We have not overlooked the fact that the Watkins range was what is described by the witnesses as a "flat opening," the ores being found in a horizontal instead of vertical seams. The limits or borders of this opening on the north are not known, and have never been traced. Possibly the opening may extend to and include the vein where the defendants are working. But whether it does or not is doubtful and undetermined. The plaintiffs do not pretend they have traced the Watkins range by drifting north on the Dean tract up to the defendants' works. They claim that they have established a physical connection between the ores in the works and their own by following the Watkins range around through the diggings on Jones' land back again onto Dean's land.
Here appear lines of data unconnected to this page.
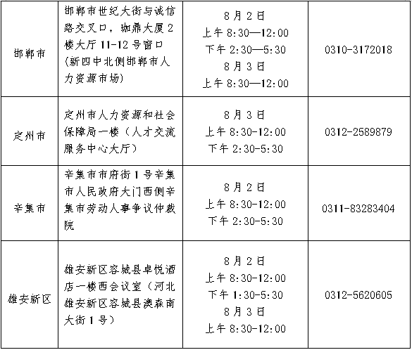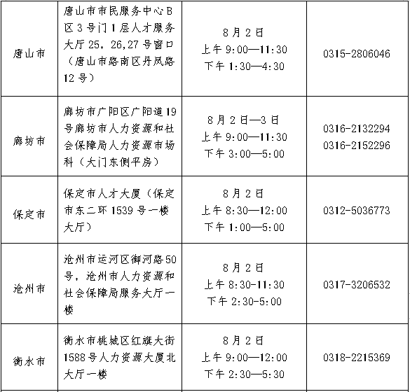 | 根据《2021年河北省“三支一扶”志愿者招募简章》和河北省新冠肺炎疫情防控工作要求,现将河北省“三支一扶”计划招募现场资格审核及面试有关事项公告如下: 一、笔试最低控制分数线 2021年河北省“三支一扶”计划招募笔试最低控制分数线为:支教岗位不低于33.76分、支农岗位不低于40.30分、支医岗位不低于31.14分、帮扶乡村振兴岗位不低于38.33分、水利岗位不低于41.54分、就业和社会保障服务平台岗位不低于35.47分。 笔试成绩在最低控制分数线以下的考生取消招募资格。 二、现场资格审核 进入现场资格审核的考生名单是按照岗位计划招募数与考生数1:3的比例,从达到笔试最低控制分数线的考生中,按笔试成绩从高分到低分排序确定的。比例内末位笔试成绩并列的一并进入审核。符合审核的人数不足1:3比例的,按照实际人数审核。 考生通过报名系统查询笔试成绩时即可知道是否进入现场资格审核。 考生需到报名岗位所在市完成现场资格审核,各地审核地点及具体时间安排见附件。现场资格审核时,考生需提供户口页(首页及本人页)、身份证、毕业证、学位证、就业报到证等能证明符合报名岗位所要求条件的材料原件及复印件(A4纸复印一份)。考生不能提供有关材料、提供的材料与报名信息不一致或提供虚假证件、证明的,取消招募资格。 审核过程中,如某一岗位因取消考生招募资格导致审核人数不足1:3比例时,将在同一岗位达到笔试最低控制分数线的考生中,按笔试成绩排序依次递补。请未进入现场资格审核的考生于8月2日9:00—3日18:00期间保持通讯方式畅通,如所报岗位需要递补,工作人员将第一时间联系考生进行现场资格审核。如因关机、停机等考生自身原因造成无法联络,将视该考生为放弃递补,并按排序将后一名考生进行递补。 三、面试相关事宜 通过现场资格审核的考生,即可进入面试。 (一)通过现场资格审核的考生请于8月5日9:00—6日17:00登陆报名网址打印《面试通知单》(报名网址:http://121.28.131.187:8035)。《面试通知单》要求打印清晰,黑白彩色均可。未在规定时间内打印《面试通知单》的考生视为放弃面试。 (二)面试定于8月7日全省统一进行,采取结构化面谈的形式,主要测评考生的综合分析能力、解决实际问题能力、应变与自我控制能力、语言表达能力等。面试采取“平均打分法”,即每组考官打分的平均分为考生的面试成绩。面试成绩于面试当日在面试地点公布。面试总分100分,低于60分的考生取消招募资格。 (三)面试具体地点及有关注意事项详见《面试通知单》,面试当天,考生须持有效居民身份证和《面试通知单》进入考场,缺少证件的考生不得参加面试。 (四)打印过程中遇到技术问题请与报名系统技术中心联系(联系电话:0311-87102235,咨询时间:上午8:30-12:00,下午13:30-17:30)。 四、考生健康管理事宜 (一)考生应自觉配合做好疫情防控工作,不得隐瞒或谎报旅居史、接触史、健康状况等疫情防控重点信息。 (二)考生根据《面试通知单》要求自觉配合考场疫情防控工作,不得隐瞒或谎报旅居史、接触史、健康状况等疫情防控重点信息。 (三)进入审核场所及面试考场后,考生应全程佩戴口罩,做好个人防护,但是在身份核查以及面试时须摘除口罩主动配合。考生在参加考试过程中出现发热、咳嗽、乏力、鼻塞、流涕、咽痛、腹泻等症状,应及时向考务工作人员报告,并服从考务人员安排。 请考生自觉做到诚实守信,考试前注意做好个人防护,合理选择交通方式出行,以免影响考试。凡违反《传染病防治法》《新型冠状病毒肺炎防控方案》等法律法规和相关防范措施,刻意隐瞒病情或者不如实报告发热史、旅居史和疫情接触史等疫情防控重点信息的考生,将承担相应法律责任。 本公告发布后,如疫情防控态势突发重大变化,将按照上级指示精神,及时通知调整变更相关工作安排。 附件:各地现场资格审核具体地点及时间 河北省人力资源和社会保障厅 2021年7月30日 附件: 各地现场资格审核具体地点及时间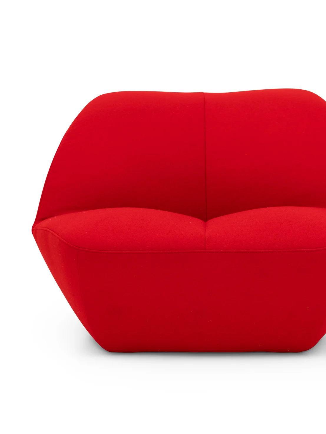 The KISSS Lounge Chair armchair is upholstered with 100% woolen Kvadrat Divina 3 fabric, offering a variety of color options. It is available for immediate shipping in the iconic red shade (Kvadrat Divina 3 623). It allows you to create unique configurations for each space, both large and small, constituting a bold artistic statement with Kisss Lounge Chair.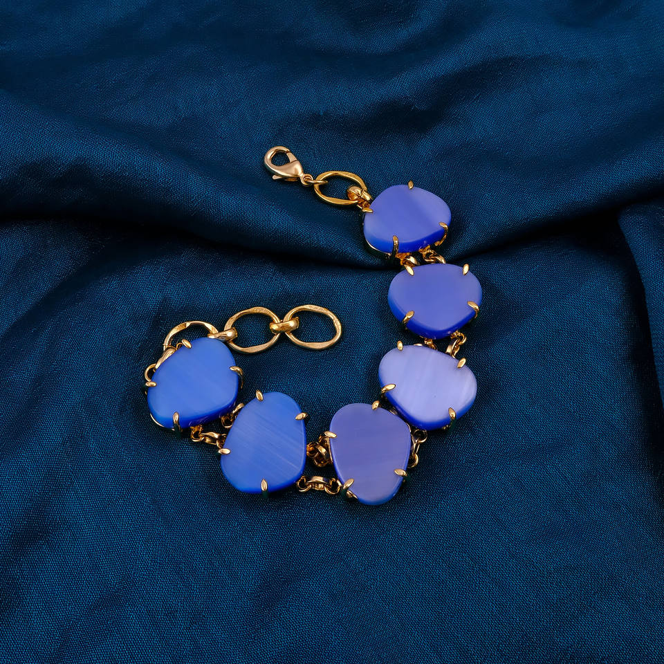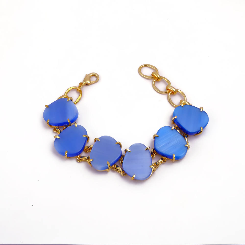 สร้อยข้อมือแบบโซ่ประดับพลอยตาแมวสีน้ำเงินทรงคาโบชอง ชุบทอง 18K ปรับขนาดได้ พร้อมจี้รูปกรงเล็บ สร้อยข้อเท้าสำหรับผู้หญิง ของขวัญ เครื่องประดับ El Joyero
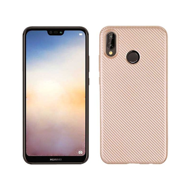 Funda Huawei P20 Lite TPU Fibra Carbono Dorada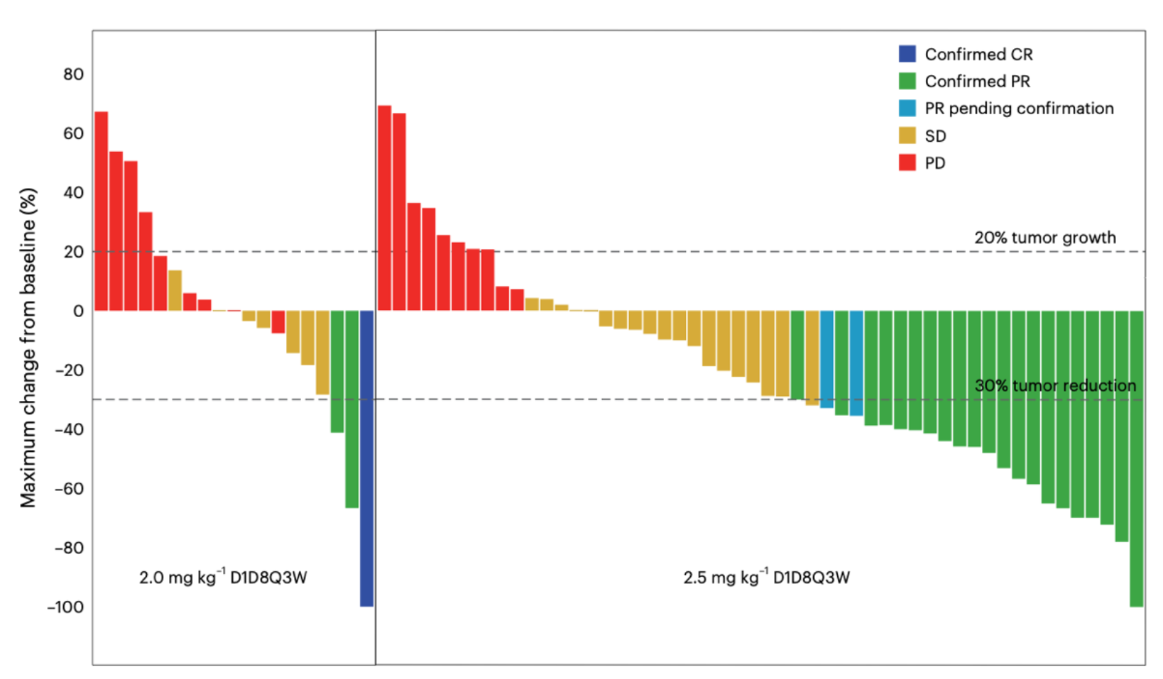 安全性方面,在2.5mg/kg组,最常见的不良反应包括贫血(85.0%)、血小板减少(58.3%)、白细胞减少(56.7%)以及中性粒细胞减少和恶心(均为46.7%)。在≥3级TRAE中,最常见的是贫血(28.3%),其次是白细胞减少和血小板减少(均为18.3%)和中性粒细胞减少(16.7%)。在2.0mg/kg组,最常见的不良反应为贫血(86.4%)、白细胞减少和乏力(均为45.5%)、血小板减少(40.9%)以及中性粒细胞减少和恶心(均为31.8%)。在≥3 级TRAE中,最常见的是贫血(27.3%)、淋巴细胞计数减少(13.6%)以及白细胞减少和中性粒细胞减少(均为9.1%)。

But we have already said that the lease of the Watkins range terminated at the east line of the tract, and carried no rights beyond that point.

This is the controlling question in the case, and renders a consideration of the other exceptions unnecessary.

By the Court: The judgment of the circuit court is affirmed.

1. A mortgage described "all the property owned by the Montana Flume and Mining Company" at and near Alder Gulch, etc., in section 10. The property of the company was situate in sections 10, 11, 13 and 14: Held, that only that property in section 10 was covered. Largey v. Sedman, 3 Mont. 473.

2. Description in ejectment, of premises as "limestone quarry containing about three acres." Clement v. Youngman, 40 Pa. St. 341; Post EJECTMENT; Youngman v. Linn, 2 M. R. 443.

3. Incomplete description in mortgage may be supplied in the complaint followed by parol evidence. Began v. O'Reilly, 32 Cal. 11.

4. The word "North" in boundary line of claim shown by parol to mean the magnetic meridian. Jenny Lind Co. v. Bower, 11 Cal. 194; Post Evi

DENCE.

5. Courses in a deed are to be run according to the magnetic meridian. Wells v. Jackson Co. 47 N. H. 261.

6. Description of lead range held insufficient. Cox v. Groshong, 1 Pinn. 307; Post FORCIBLE ENTRY.

7. Description as the "Heathcock Range," controlled by mention of government subdivisions. Ross v. Heathcock, 3 M. R. 404.

8. Description of Quartz Mill by its name held sufficient. Tibbetts v. Moore, 23 Cal. 208; Post LIEN.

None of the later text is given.